Em visita técnica ao Santuário dos Elefantes Brasil, realizada na última sexta-feira (06.12), a secretária de Estado de Meio Ambiente, Mauren Lazzaretti constatou os impactos positivos e reforçou a importância de que as alterações sejam documentadas para que sirvam de fontes de pesquisas para universidades e referência para futuros projetos.

“Observando a adaptação dos animais e, principalmente, verificando como essa região se regenerou, nós podemos confirmar que o impacto é positivo tanto para o meio ambiente, como também para a vida desses animais. É muito gratificante saber que Mato Grosso tem um Santuário que protege a vida animal, especialmente animais que sofreram tanto ao longo dos anos”, comemora Mauren.

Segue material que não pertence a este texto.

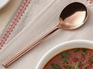 Serve this bouillon spoon with your soups and stews to provide guests with an unforgettable dining experience. Each piece in this versatile collection is designed with soft edges and a slim handle, and is perfectly weighted and balanced to feel comfortable in your patrons' hands. Its rose gold mirror-shine, hand-polished finish offers a sophisticated, professional appearance, yet doesn't take the focus away from your perfectly plated culinary creations.
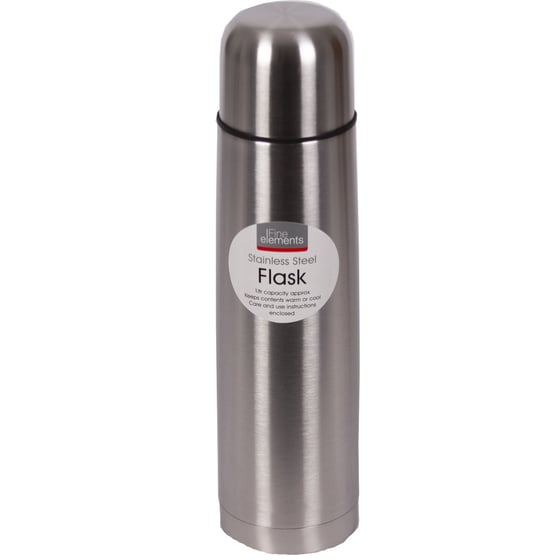 The Fine Elements Stainless Steel 1 litre flask is perfect for keeping the contents within the flask hot or cold making it ideal for liquids such as tea, coffee, soup etc and the 1 litre capacity allows for you to have more liquids to be held in a single container for easy transportation and storage.
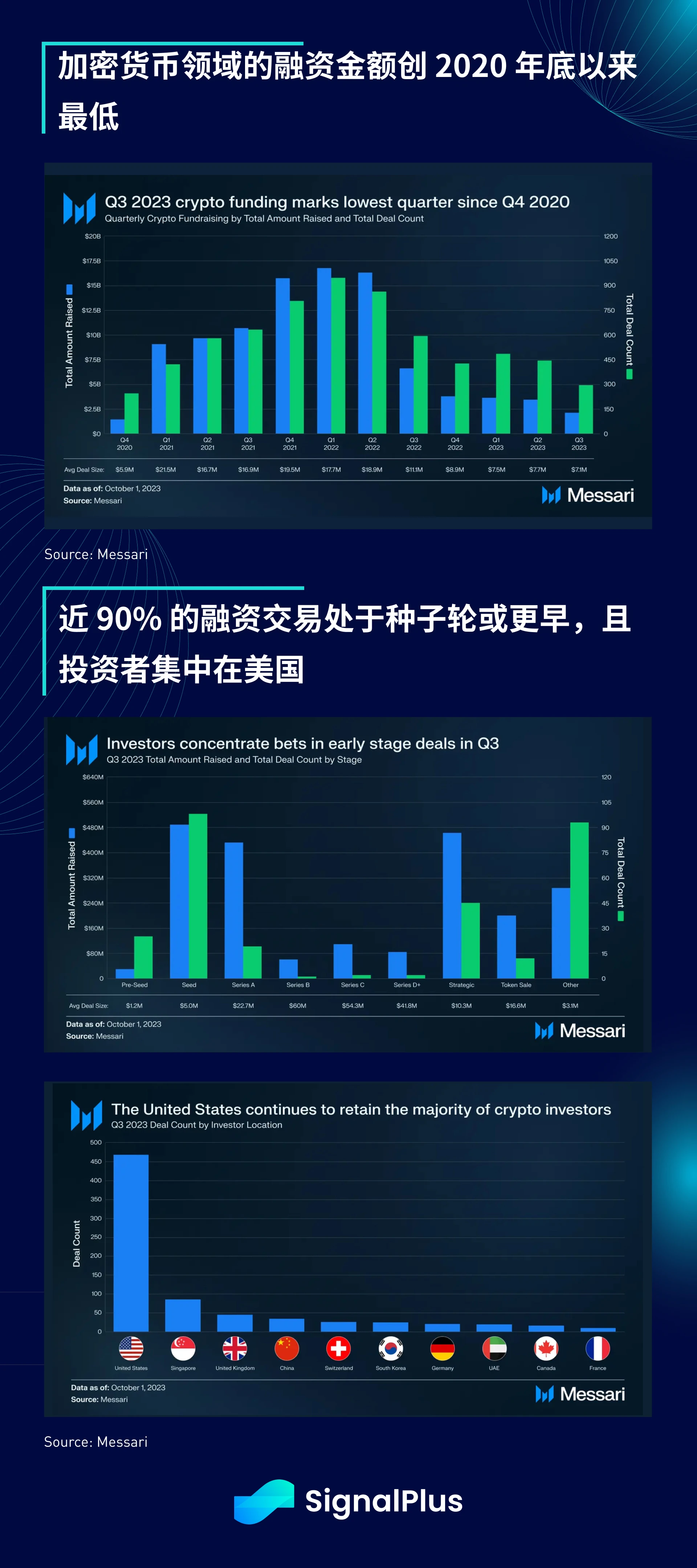 不出所料,资本的压力已蔓延至加密货币领域,该行业的融资金额创下 2020 年底以来的最低水平,此外,估值和如何退出重新成为重点,约 90% 的融资交易都处于种子轮融资阶段或更早,而尽管存在监管阻力,投资者仍主要来自美国。

O presidente do Santuário dos Elefantes no Brasil, Scott Blais, explica que quando chegaram à fazenda que se tornaria o Santuário, o pasto era bem baixo e com poucas árvores. Para o especialista em elefantes, a capacidade de regeneração do Cerrado é impressionante.

“Mesmo já tendo ouvido falar que o cerrado é muito forte e resiliente, foi incrível observar a evolução do bioma”.

Licenciamento

O empreendimento possui licença de operação emitida pela Secretaria de Estado de Meio Ambiente (Sema) para abrigar até seis animais em uma área de mais de 20 hectares. Atualmente, 4 elefantas asiáticas, conhecidas por Maia, Rana, Ramba e Lady, vivem no empreendimento, que solicitou à Sema ampliação da licença para abrigar até 10 animais.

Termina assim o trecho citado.